The material below is to be copied exactly from the line with "上圖為S滾子鏈雙倍節(jié)距鏈帶附件圖,R滾子型的附件尺寸也與其相同。" up to and including the line with "3 ASSORTED 1964 SILVER KENNEDY HALF DOLLARS", with nothing else kept and no pictures.

> _Input material_
━━━━━━━━

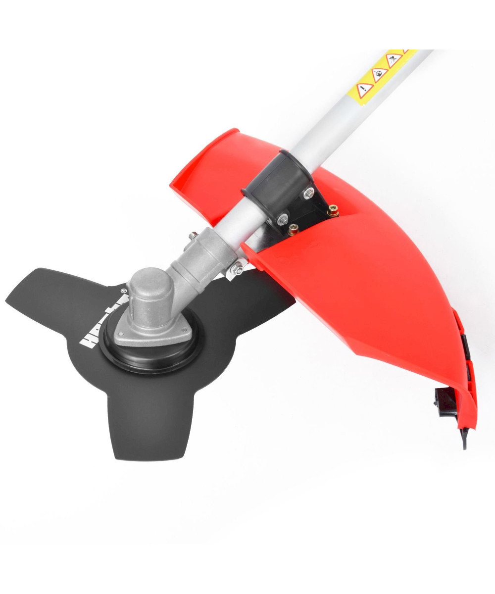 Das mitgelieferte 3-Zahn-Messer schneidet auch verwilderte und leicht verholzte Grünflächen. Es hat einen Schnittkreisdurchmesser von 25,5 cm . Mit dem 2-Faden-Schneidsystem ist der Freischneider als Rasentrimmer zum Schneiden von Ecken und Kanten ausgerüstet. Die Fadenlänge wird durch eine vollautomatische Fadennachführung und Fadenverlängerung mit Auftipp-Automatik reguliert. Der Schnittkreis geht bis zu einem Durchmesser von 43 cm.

━━━━━━━━

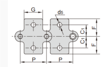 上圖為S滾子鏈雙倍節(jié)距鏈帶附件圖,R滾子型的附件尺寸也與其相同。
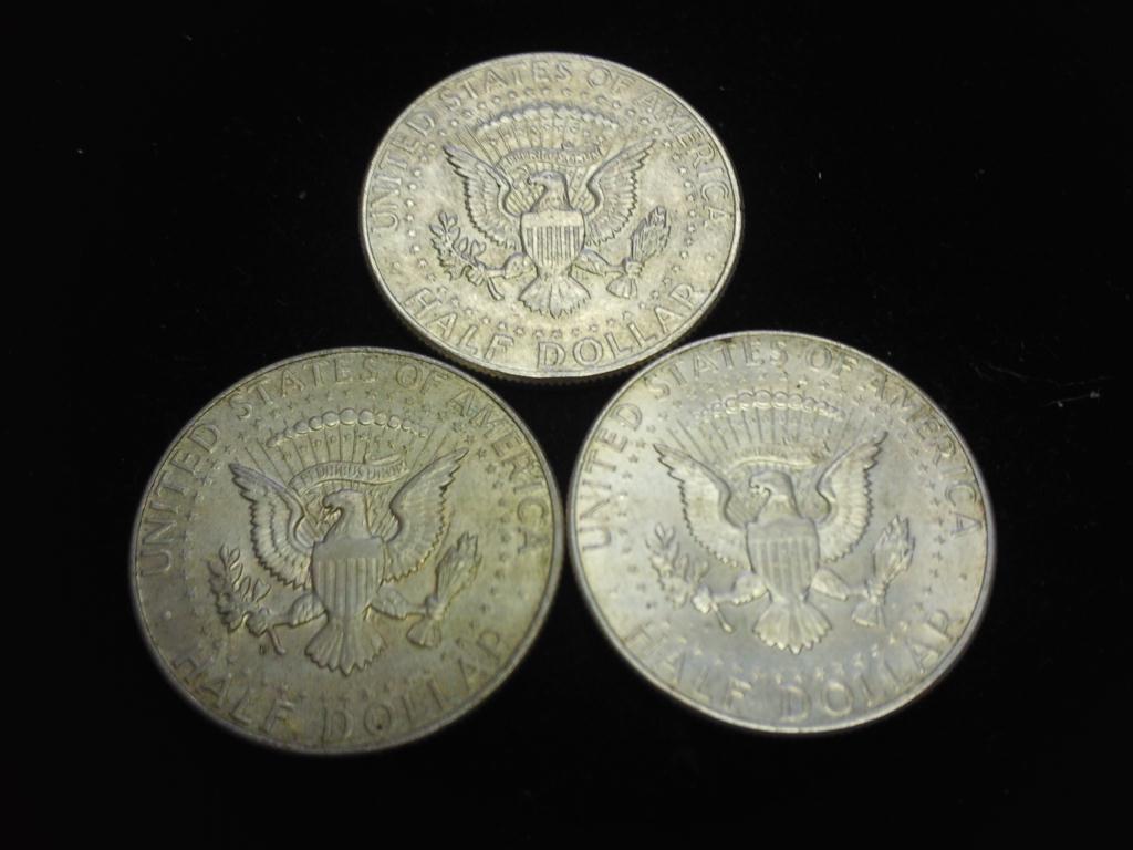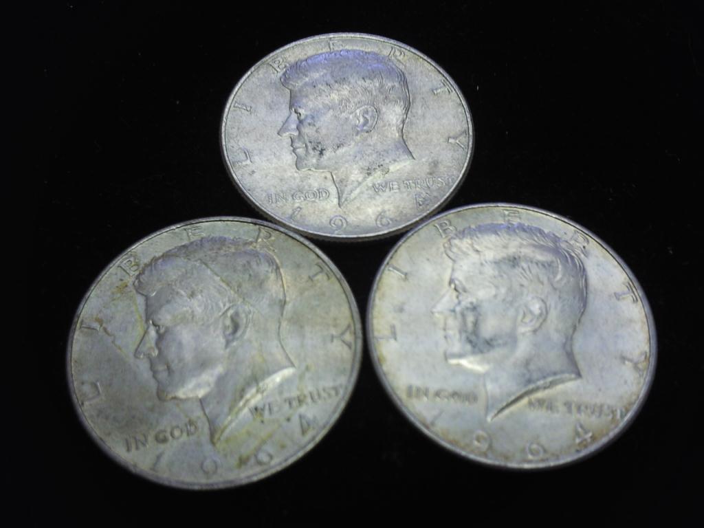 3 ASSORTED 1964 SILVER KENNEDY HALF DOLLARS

━━━━━━━━

> _Answer to this problem_
 上圖為S滾子鏈雙倍節(jié)距鏈帶附件圖,R滾子型的附件尺寸也與其相同。
 3 ASSORTED 1964 SILVER KENNEDY HALF DOLLARS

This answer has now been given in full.